Horses and all animals, domesticated and wild, stop and sniff the wind. Then they know where to go and what to do next.
Maybe these legislators are too busy collecting corporate campaign contributions to employ their animal senses. Forget waking up and smelling the coffee and the roses.
Wake up and breathe in that “most natural fragrance.” It has something to say to everyone, including President Obama. His efforts on behalf of the environment have been lackluster, at best.
* * *
I propose the introduction of a bill called the “No Legislator Left Behind Act.”
It will mandate that prior to running for office, prospective candidates will leave their homes every morning and report to an outdoor classroom where rigorous studies in environmental science will be held.
They'll take field trips at home and abroad, traveling to Bangladesh, the Seychelles, the Maldives, and other developing countries where the impacts of climate change are plainly visible; where government leaders are making substantial efforts to reduce carbon footprints and prepare for the future.
In the Republic of the Seychelles, they'll meet with President James Michel, who will repeat what he said last year in Melbourne, Australia, when he was a guest of that government.
“There is no ideology involved in the survival of people.”
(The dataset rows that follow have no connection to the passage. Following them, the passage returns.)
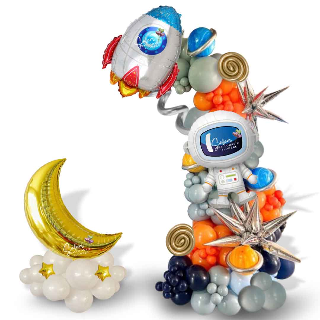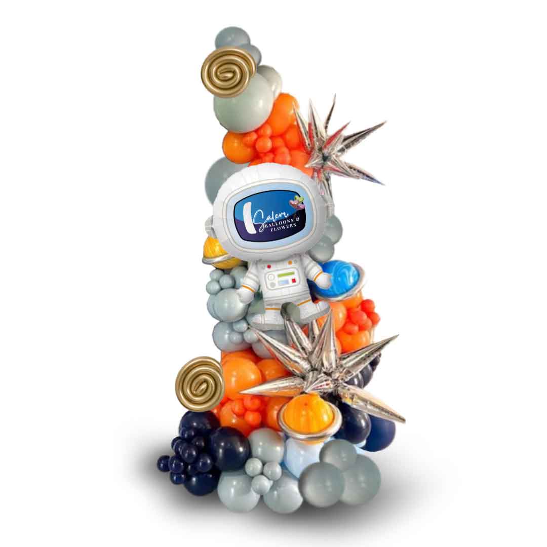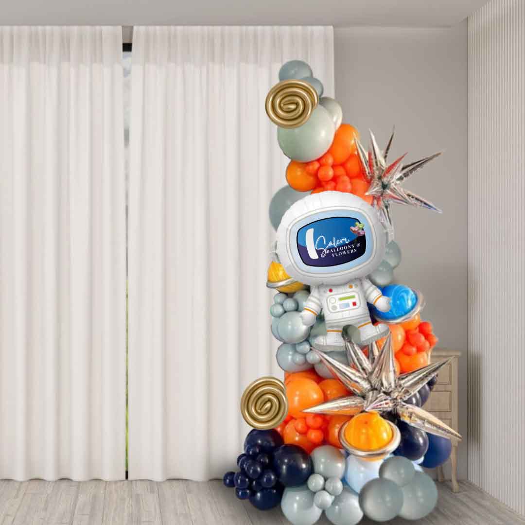 Take your next party out of this world with our Beyond the Milky Way Balloon Decor! This space-themed setup includes a self-standing balloon garland adorned with a large astronaut, planets, stars, and rocket balloons. Make any event a stellar experience with our unique and playful décor.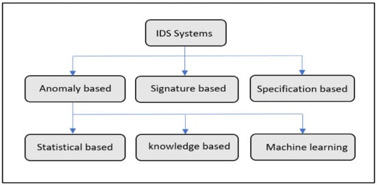 IDSs are categorized into three groups, i.e., anomaly-based detection, signature-based detection, and specification-based detection [23]. To summarize the taxonomy, we show a conceptual diagram in Figure 1.
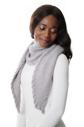 This shawl knits up quickly in an aran weight yarn, using garter stitch and cable edges for a more interesting knit. This shawl was inspired by the need to knit shawls which younger people can appreciate and incorporate into their wardrobes.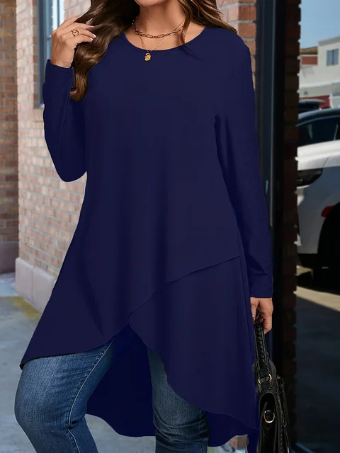 Plus Size Women's Elegant Asymmetrical Hem Long Sleeve T-Shirt Round Neck Casual Top Solid Color All-Season Clothing Pullover

The students' minds will light up in a collective epiphanic blaze.
Upon presentation of dissertations outlining cogent and stringent policies to reduce carbon emissions, create sustainable communities, and leave this world a better place than we found it, candidates will graduate and be deemed fit to run for office.
If elected, they will implement policies that support the earth and all its inhabitants. They will be called “realists,” and be respected as exemplary leaders.
Maybe then we will have the right to tout our American “exceptionalism,” and Chaos John will rest in peace.